# Preeminent breeders?



## Golden:) (Jul 6, 2012)

Gaylans is imho one of the top breeders in the country. Gaylan's Golden Retrievers: beautiful, working golden retrievers for home and sport


----------



## TheZ's (Jun 13, 2011)

Not too long ago there was a thread discussing top obedience breeders. Looking for a Top OB Breeder. It's got lots of breeder names.

I don't see Gaylans mentioned that often on the GRF but I've had some knowledgeable people recommend them.


----------



## DanaRuns (Sep 29, 2012)

I don't know what people consider "preeminent" breeders, but I'd say Beth Johnson has to be at the top of anyone's list for conformation.


----------



## Door (Apr 2, 2010)

This is a good topic. I am looking forward to see what people say and what is said in the category breakdowns. I am most interested in conformation and obedience.


----------



## Dallas Gold (Dec 22, 2007)

I'm definitely biased, but Harborview Goldens produces some fantastic dogs for obedience, conformation, therapy, etc.


----------



## nolefan (Nov 6, 2009)

Oh this will be a fun thread  I would love to see people's opinions on not just success, but the folks who are doing it the right way, dotting their i's and crossing their t's with health clearances etc.
K


----------



## Maddie'sMom2011 (Apr 26, 2011)

I'm pretty biased as well and would have to agree with DanaRuns about Beth Johnson. We feel pretty lucky to have found Maddie.


----------



## Selli-Belle (Jan 28, 2009)

Gayle at Gaylans is a preeminent breeder more for her being at the forefront of tackling health issues and being a leader in the Golden community. Her dogs do alot of agility and field work.


----------



## Ljilly28 (Jan 22, 2008)

On the winning/fame factor side-

Jackie Mertens at TopBrass Goldens is a preeminent breeder of field goldens. Sunfire is a preeminent breeder of obedience goldens.

Tonya Struble at Rush Hill is a preeminent breeder of conformation goldens. 

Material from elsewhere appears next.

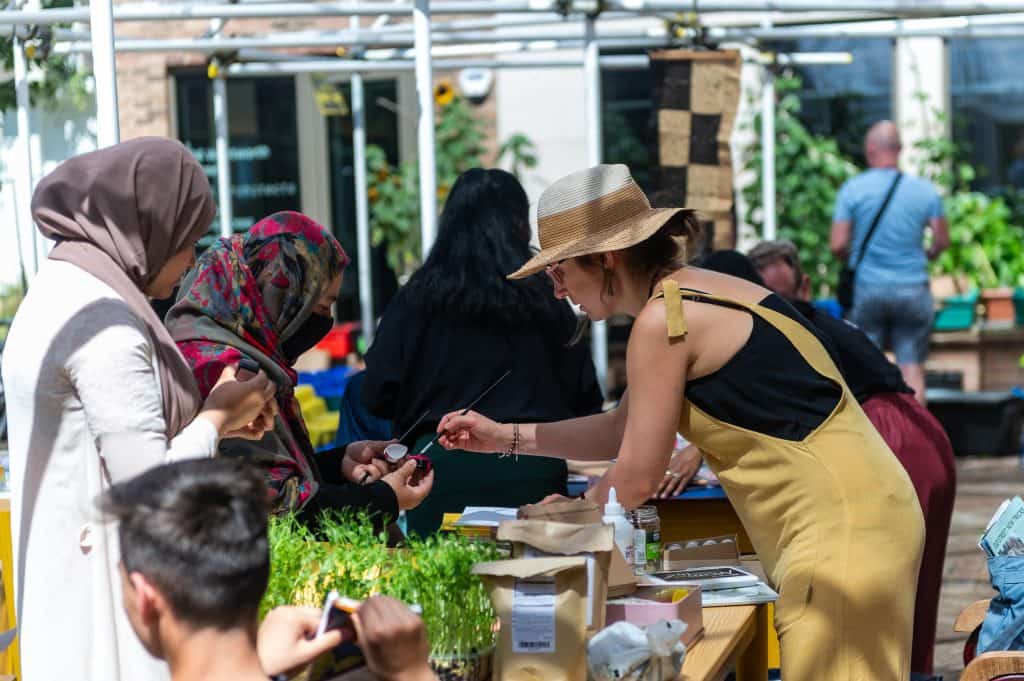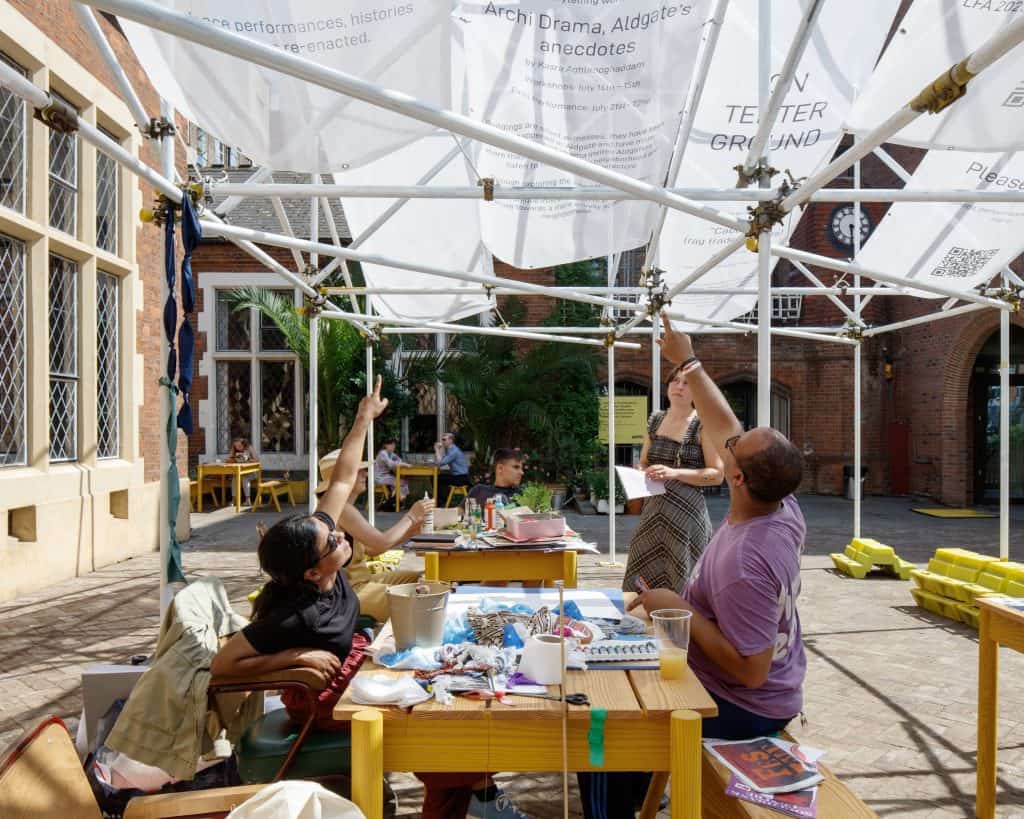 The workshops facilitated by LMU students contributed to a collective exhibition within ciaociao design’s pavilion structure, called Tales of (UP)Rising, which ran throughout the month of July 2023. The workshops centred on themes of storytelling, writing and memory, encouraging visitors and local residents to engage with Aldgate’s history, and integrate their own stories into the area.

Jane Simmons-Moake is a preeminent breeder of agility goldens

I agree about Beth Johnson/Summit, and Harborview

Julie Mackinnon at Nautilus is a preeminent breeder of show goldens

Rhonda Hovan at Faera is a preeminent breeder of conformation goldens

Back in the day, my childhood breeder Torch Flynn at Tigathoe was a preeminent breeder of the dual purpose golden. I believe Jeanne Von Barby(sp) at Elysian Goldens is closest to that now, though her current litter might be the first in a while?? 

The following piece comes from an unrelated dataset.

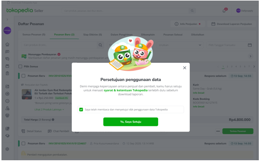 2. Sebelum download laporan, pastikan kamu sudah membaca ketentuan penggunaan data di Tokopedia. Centang persetujuan penggunaan data lalu klik ‘Ya, Saya Setuju’. Pada bagian ini, pastikan kamu tidak menyalahgunakan data pembelimu ya Seller.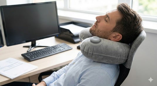 3. 【人間工学デザイン】「後頭部のコブ」が首をしっかり支える ただのU字型ではありません。首の後ろ部分に独自の「ダブルハンプ(コブ)形状」を採用。 この立体構造が頭の重さを分散させ、移動中の「首カックン(頭の前倒れ)」を防ぎます。 肌に触れる素材は、高級感のあるグレーの**「クリスタルベルベット(植毛加工)」**を使用し、さらさらと柔らかく、蒸れにくい快適な肌触りを実現しました。

Sylvia Donahey at BirnamWood is a preeminent breeder of conformation goldens


----------



## cgriffin (Nov 30, 2011)

Thanks for all the breeder listings and opinions.
I just looked at the Nautilus dogs, wow, they are beautiful. I had not thought about Nautilus in a long time. 
I have to say, I am a bit more partial to the look of a show golden.


----------



## Loisiana (Jul 29, 2009)

Jane Simmons Moake has only bred I believe two litters, the last of which was nearly 13 years ago, so while they were successful breedings, I don't know that I'd list her as a preeminent breeder, especially since the OP asked about current breeders.

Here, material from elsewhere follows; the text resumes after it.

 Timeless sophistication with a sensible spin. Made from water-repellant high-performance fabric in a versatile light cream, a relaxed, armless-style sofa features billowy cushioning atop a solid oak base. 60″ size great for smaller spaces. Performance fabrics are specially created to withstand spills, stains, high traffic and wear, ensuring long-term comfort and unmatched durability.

The "big three" that I think of for breeders for obedience prospects is Tanbark, Topbrass, and Sunfire. There are many other successful breeders out there, but they breed much less often than these three breeders, so just don't have the number of dogs out there. These are the breeders that consistently have multiple dogs in the top twenty five, year after year, and have tons of OTCH dogs come from them.


----------



## Altairss (Sep 7, 2012)

very educational, I have a question you call some breeders of conformation Goldens and some show goldens. What differences do you attribute to that turn of phrase? Or do they mean the same to you.




Ljilly28 said:


> On the winning/fame factor side-
> 
> Jackie Mertens at TopBrass Goldens is a preeminent breeder of field goldens. Sunfire is a preeminent breeder of obedience goldens.
> 
> ...


----------



## HiTideGoldens (Dec 29, 2009)

The words are used interchangeably, I don't think there is a difference for purposes of ljilly's list. I will say that the fame part of breeding (not referring to any of the above breeders necessarily) does not always mean having all ts crossed and is dotted. To me big winning and health / longevity /soundness do not always correlate.


----------



## K9-Design (Jan 18, 2009)

Oh gosh, this could be a fun thread. Here's who I am thinking off the top of my head...

Show : 
Malagold
Birnam Wood
Summit
Rush Hill
Pekay
Goodtimes (Smith)
Toasty
Nautilus
Faera
Highmark
Karagold
Kyon
Gold Rush
Asterling
Amberac
Laurell
Honor
Twin-Beau-D
Chuckanut


Performance (Obedience/Agility/Field)
Meadowpond
Sunfire
Tanbark
High Times
Wynwood
Benden
Colabaugh
Morninglo
Golly G
Emberain

Field Trial
Topbrass
Belvedere
KC's
Ida Red
Firemark
Mioak
Rockerin

I'm sure I'm missing many more, and I omitted many historical kennels no longer producing.


----------



## Swampcollie (Sep 6, 2007)

Ida Red is no longer producing, Jim retired. 

Mioaks is moving toward that direction. Micky has slowed way down.


----------



## Loisiana (Jul 29, 2009)

Some obedience kennel stats I looked up today:

Tanbark leads the pack with number of OTCH's produced in the 50's, followed by Sunfire in the 40's. I couldn't find any other kennels that came anywhere near those numbers.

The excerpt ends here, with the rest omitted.